The Australian dollar remains weak after falling last Friday. Looking at trading this morning, the currency is flat against most global peers. Last Friday, a statement by the Reserve Bank of Australia suggested that inflation was likely to remain weak. The currency weakened following the report as interest rate hike expectations fell. Looking at the Chinese yuan, the currency has been weak in the last few days, which is also weighing on the Aussie. We have previously noted that the fortunes of the Australian dollar are highly correlated with the Chinese yuan, given that China is Australia's largest trading partner. Our medium-term outlook on the currency remains bearish.

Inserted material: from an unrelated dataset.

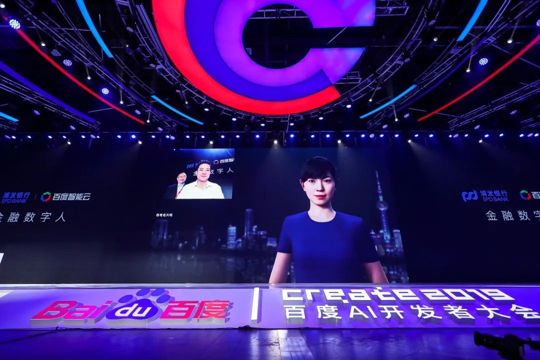 李彦宏在2019百度AI开发者大会上与数字人“小浦”互动

AUD/USD is currently trading just above 0.7640. Looking at EUR/AUD, the pair is currently just above 1.5210. The GBP/AUD exchange rate is currently above 1.710.

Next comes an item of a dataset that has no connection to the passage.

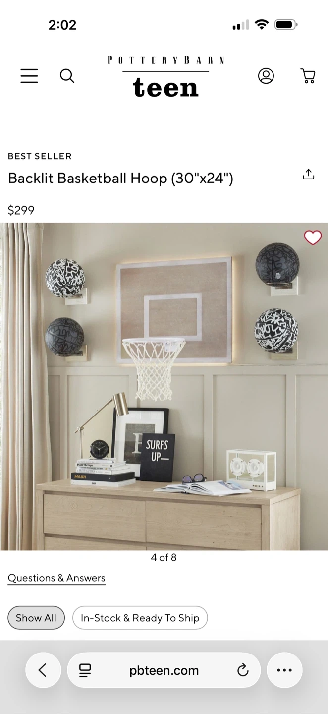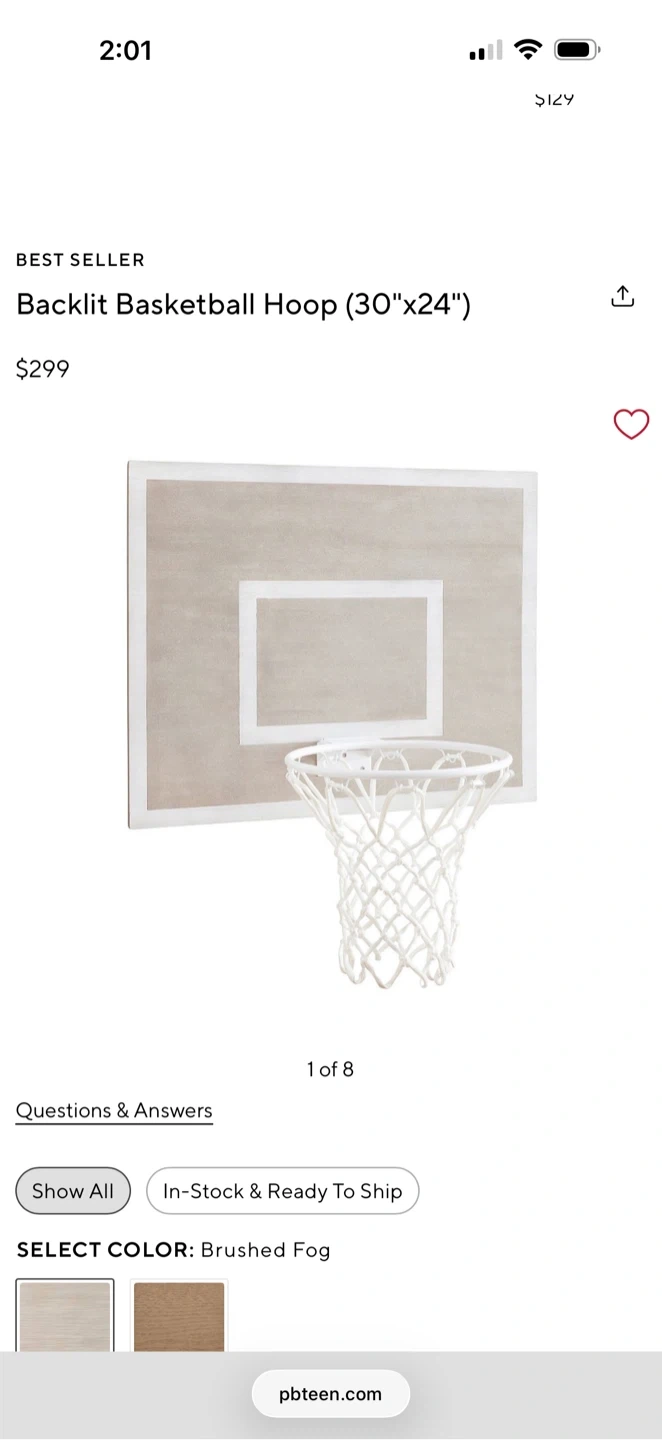 This is a Pottery Barn Teen backlit basketball hoop. It's 30"x24" in size and comes in Brushed Fog color. Includes the hoop and net.

This week’s economic data contains consumer confidence, employment and consumer inflation expectations. On Tuesday, we’ll see Westpac Consumer Confidence. Later on Thursday, we’ll get employment changes and the unemployment rate. Last week, the RBA maintained its cash rate (1.5%) while suggesting a weak outlook for inflation.

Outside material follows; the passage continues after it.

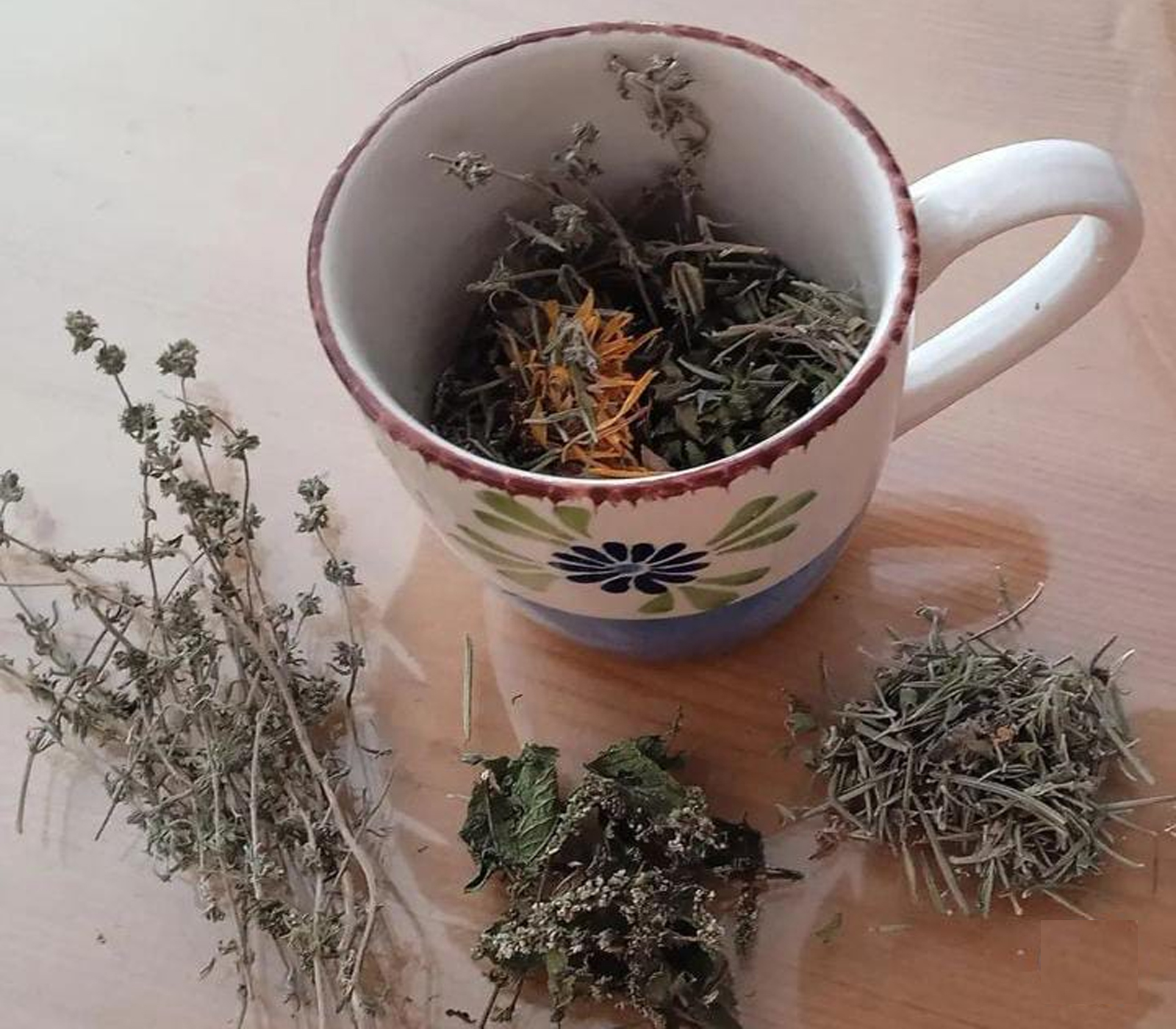 Sa composition : Thym, Romarin, Souci officinal, mauve et Hysope.

After weakening sharply in the latter half of October, we are downgrading the Australian dollar further to bearish. The currency is weak thanks to lower-than-expected inflation rates and falling Australian bond yields. Looking at a weekly chart, the Aussie has re-entered normal trading conditions having been overbought for most of September. Our analysis is based on various technical indicators.